Republicans on the Judiciary Committee can invite a witness of their own but have not selected one, according to a committee aide.

Mr. Zelinsky, an assistant United States attorney in Maryland, had been a member of the office of Robert S. Mueller III, the special counsel appointed to lead the investigation into whether Trump campaign officials coordinated with the Russian government in its 2016 election interference operation. He continued to handle the case against Mr. Stone, which spun off that inquiry.

In February, when Mr. Stone was due to be sentenced for crimes related to trying to sabotage a separate congressional inquiry into the Russian matter in order to protect Mr. Trump, Mr. Zelinsky was one of four career prosecutors who abruptly withdrew from the case shortly before the Justice Department revised its recommendation for Mr. Stone’s sentence.

The department had just suggested a sentence seven to nine years, in line with standard guidelines. But Mr. Trump then attacked the recommendation on Twitter as unfair, and department political appointees, overruling career prosecutors, submitted a revised recommendation seeking greater leniency.

A Federal District Court judge ultimately sentenced Mr. Stone to slightly more than three years in prison. But the sequence set off an uproar over whether Mr. Barr was giving special treatment to a presidential ally, and led Mr. Barr to say in an interview that he wanted Mr. Trump to stop commenting on cases in public.
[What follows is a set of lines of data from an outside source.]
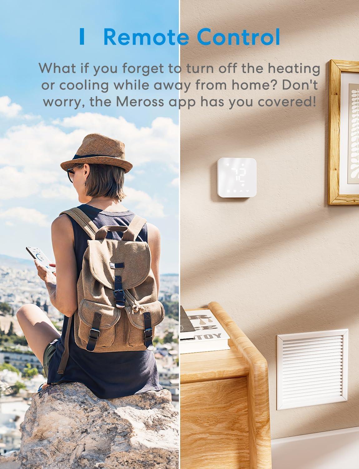 Before Purchasing: Meross smart thermostat for home is suitable for 95% of HVAC systems, including conventional heating and cooling systems, heating/cooling only systems, and heat pumps. Not suitable for electric baseboard heaters. Please check the compatibility before purchasing
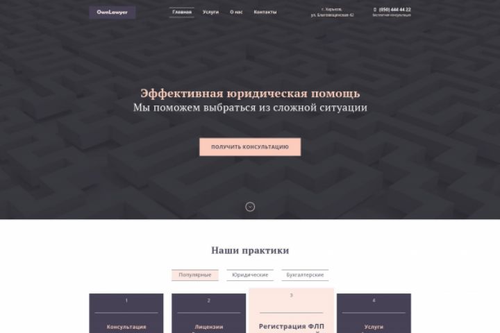 Главный акцент сделан на услугах, которые предоставляет компания.
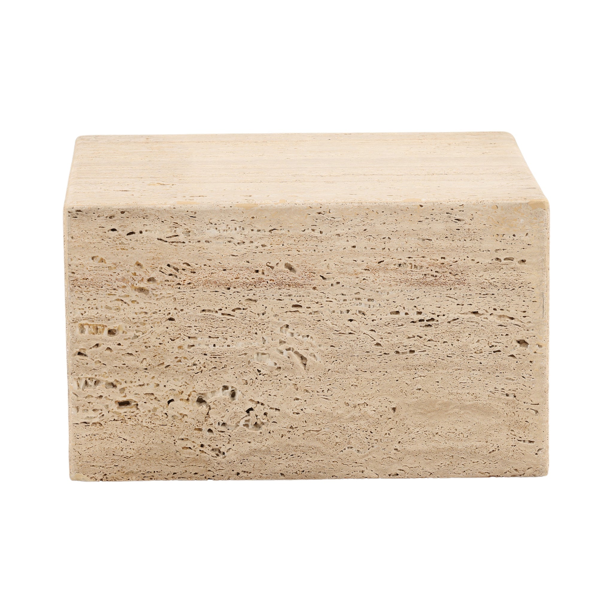 Taillé dans un seul bloc de travertin naturel, ce cube sculptural s'impose comme une pièce maîtresse à la fois puissante et inspirante. Sa forme géométrique simple contraste magnifiquement avec la texture brute et poreuse de la pierre, chaque pièce révélant des veinures uniques et des cavités naturelles qui racontent son histoire.
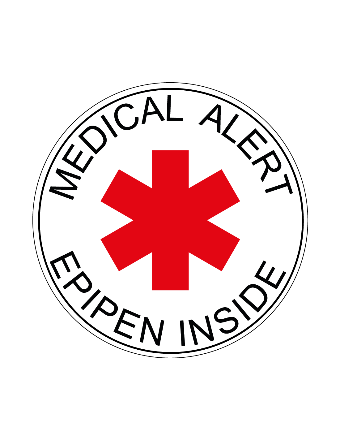 Het epipen bordje kun je gebruiken om aan te geven dat er een adrenaline injectie beschikbaar is, waarmee een patiënt behandeld kan worden. Door dit bord te gebruiken maak je dit op een goede manier duidelijk.
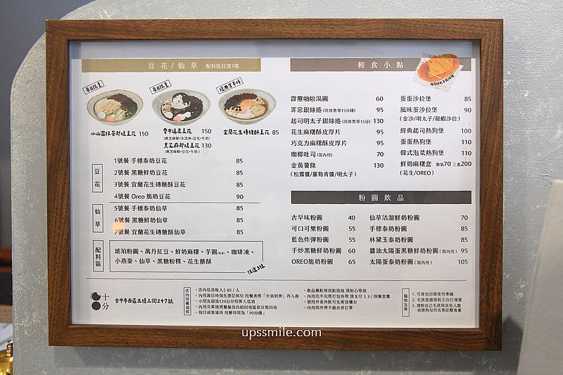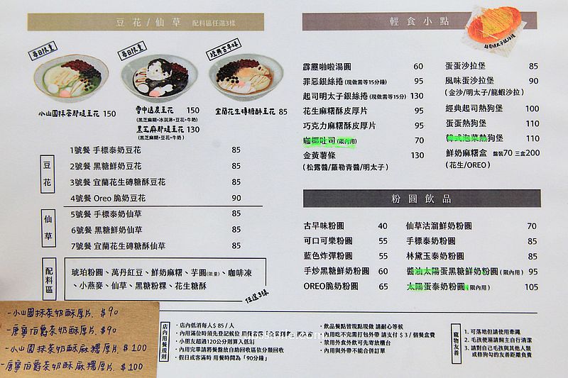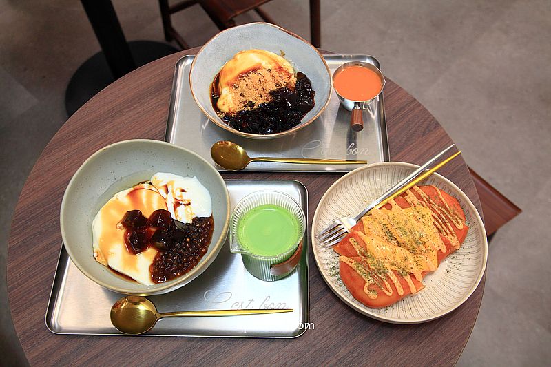 c’est bon十分粉圓菜單,內用低消每人85元,客滿限90分鐘,銅板美食到百元美食,提供鹹食、甜點、飲品等,主打豆花專賣店,台中甜品推薦。
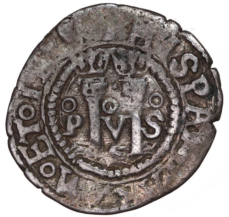 Mexico City, Mexico, 1/2 real, Charles-Joanna, "Late Series," assayer O to right, oM to left, o between monogram, motto oP-oV-oS, very rare, NGC VF 30. Nesmith-107 for type; Cal-unlisted; S-M10; KM-6.5. 1.60 grams. An unlisted variety in Nesmith because of the motto as oP-oV-oS (first time we have seen this, although there are many spelling differences of the motto from this assayer), a decent strike with low toning, legends somewhat smudged but interiors clear. Pedigreed to the Clyde Hubbard Collection of Mexican Charles-Joanna Coinage (stated on label). Accompanied by original tag or holder.
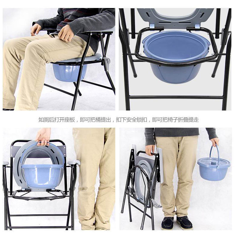 Foldable Commode Chair With Round Seat And Lid Portable Toilet For Elderly And Pregnant Women Anti Slip Design
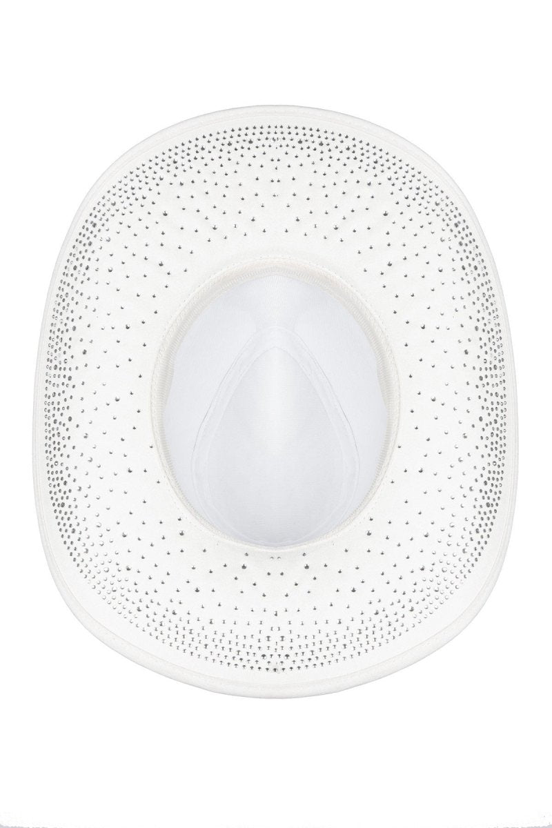 Opvallende witte cowboyhoed versierd met glinsterende zilveren strass-steentjes. Perfect als accessoire voor themafeesten, verkleedpartijen of festivals.
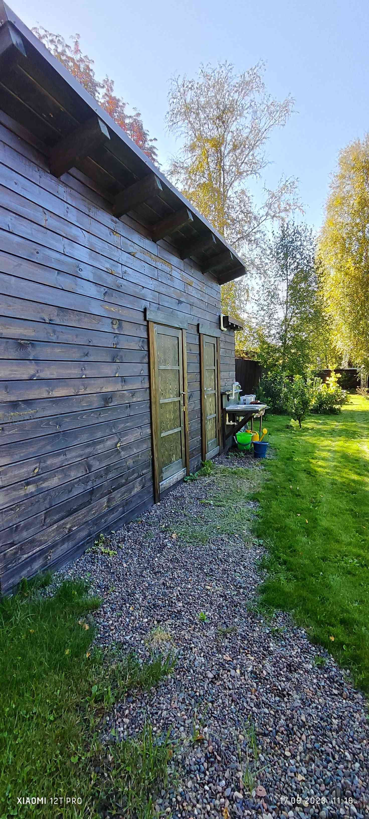 Дом( баня) с террасой , одноэтажный с теплой мансардой. Баня обшита вагонкой.в бане имеется душ , вода поддается по трубам из скважины.В общей постройке дома есть мастерская стены обшиты ОСП.дом построен из бруса с утеплением стен минватой, мансардный этаж-каркасные, стены и крыша утеплены минватой. Мастерская -каркасная утеплена минватой.Год постройки 2016. фундамент дома- ленточный.материал перекрытий -деревянные. состояние хорошее. есть скважина, септик, электроснабжение. Отопление -электро обогреватель и печное . На территории есть гараж 44.6 м. кв. 2018 года постройки. Стены пенобетон, штукатурка.Есть электроснабжение и погреб. На территории есть сарай с уличным туалетом и летним душем.На участке газон и деревья.
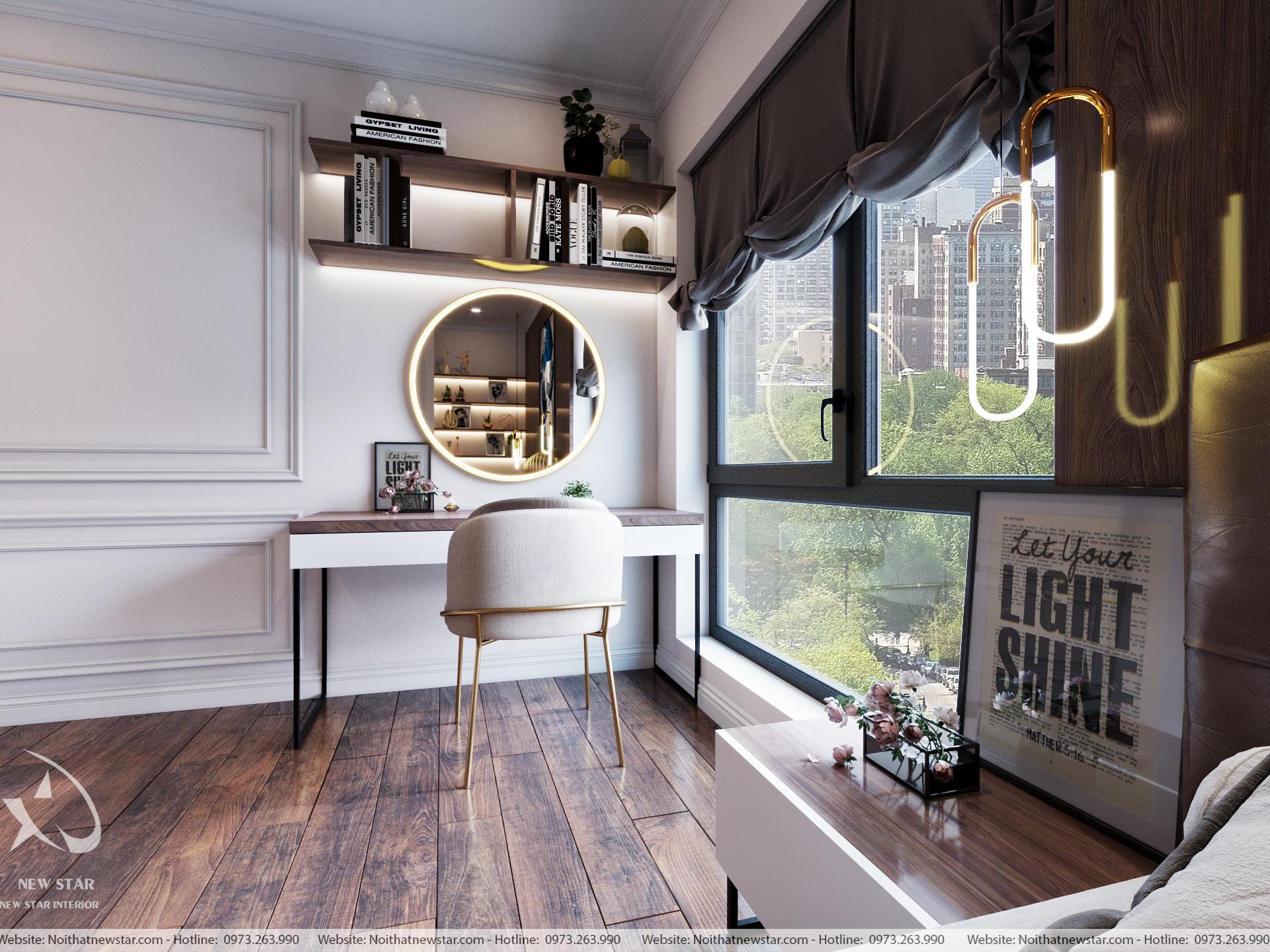 Phòng ngủ lớn của gia chủ được thiết kế cùng tông màu ghi xám, đề cao sự đơn giản và cảm giác bình yên là điều ta dễ dàng cảm nhận được qua cách KTS sắp xếp. Các đồ nội thất trong phòng đều có sự đồng nhất về màu sắc, sử dụng thiết kế nội thất thông minh như bàn trang điểm gắn tường, tủ âm tường… tạo nên sự thuận tiện và tối đa sự tiện nghi được thu hẹp trong không gian ngủ, nhấn mạnh vào vẻ đẹp sang trọng và tinh tế.
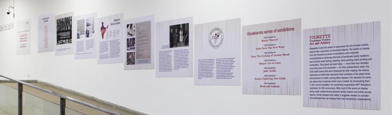 At the heart of NIFT's curriculum lies the art and craft of India. Visvakarma textiles, that were developed by the Weaver's Service Centres under the Ministry of Textiles, was an avant garde exploration of the traditional artistry of the country in the textiles section. Through weaving and handcrafts like block printing and dye painting, Visvakarma led to a dialogue between artists and weavers among different clusters. By choosing to present Vignette, a selection of Visvakarma textiles (borrowed from Weaver's Service Centre, New Delhi and NHHM, New Delhi) NIFT Bengaluru acknowledges the role of the government in preserving such skill set in the country, talks about public funding of textile art, and pays homage to the artists themselves- the weavers, the dyers, the painters et al.
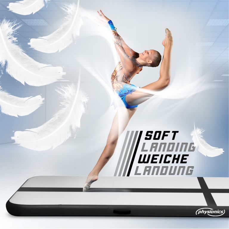 A szőnyeg tartós, dupla falú PVC ponyvából készült, amely intenzív használat esetén is szilárdságot és stabilitást biztosít. 10 cm-es vastagságának köszönhetően ideális a biztonságos landolásokhoz és ugrásokhoz. Könnyű összeszerelés elektromos pumpával, egyszerű karbantartás és hosszú élettartam mindezt minden sportoló értékelni fogja.
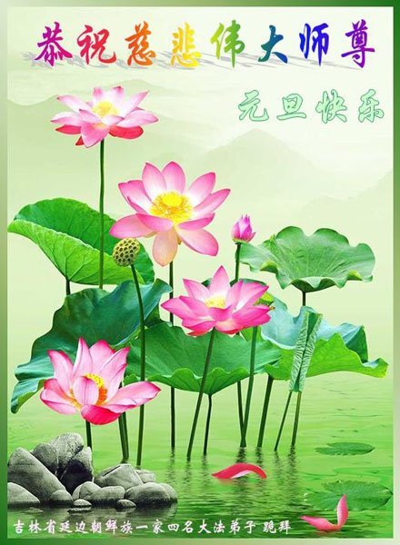 我们是大陆大法弟子夫妇,我们全家祝师尊元旦快乐!弟子一定要精進实修,牢记师尊的教诲,多多学法,多救人,做好三件事,修好自己,圆满随师还。 本溪桓仁县朝鲜族大法弟子恭祝慈悲伟大的师尊新年快乐!

Robert S. Litt, a former general counsel for the Office of the Director of National Intelligence, who is representing Mr. Zelinsky, said his client “has received a subpoena and he will comply with the subpoena to the extent appropriate.”

He declined to say what Mr. Zelinsky would discuss. A Democratic aide said that Mr. Zelinsky would testify about what happened in the sentencing of Mr. Stone and that Mr. Elias would testify about purportedly improperly motivated activity by the Antitrust Division. The aide provided no further details about Mr. Elias’s expected disclosures.

But Mr. Elias’s service in the Antitrust Division coincides with an inquiry into a deal struck by four major automakers with the State of California. Under the deal, Ford, Honda, Volkswagen and BMW would voluntarily continue to improve fuel efficiency and reduce emissions on new cars, despite the Trump administration’s rollback of federal standards.

Mr. Trump has attacked the deal on Twitter, and congressional Democrats accused the Justice Department of starting the antitrust inquiry for political reasons. The Justice Department dropped the inquiry earlier this year, but not before the prospect of legal scrutiny scared off Mercedes-Benz, which was said to have been close to joining the deal with California.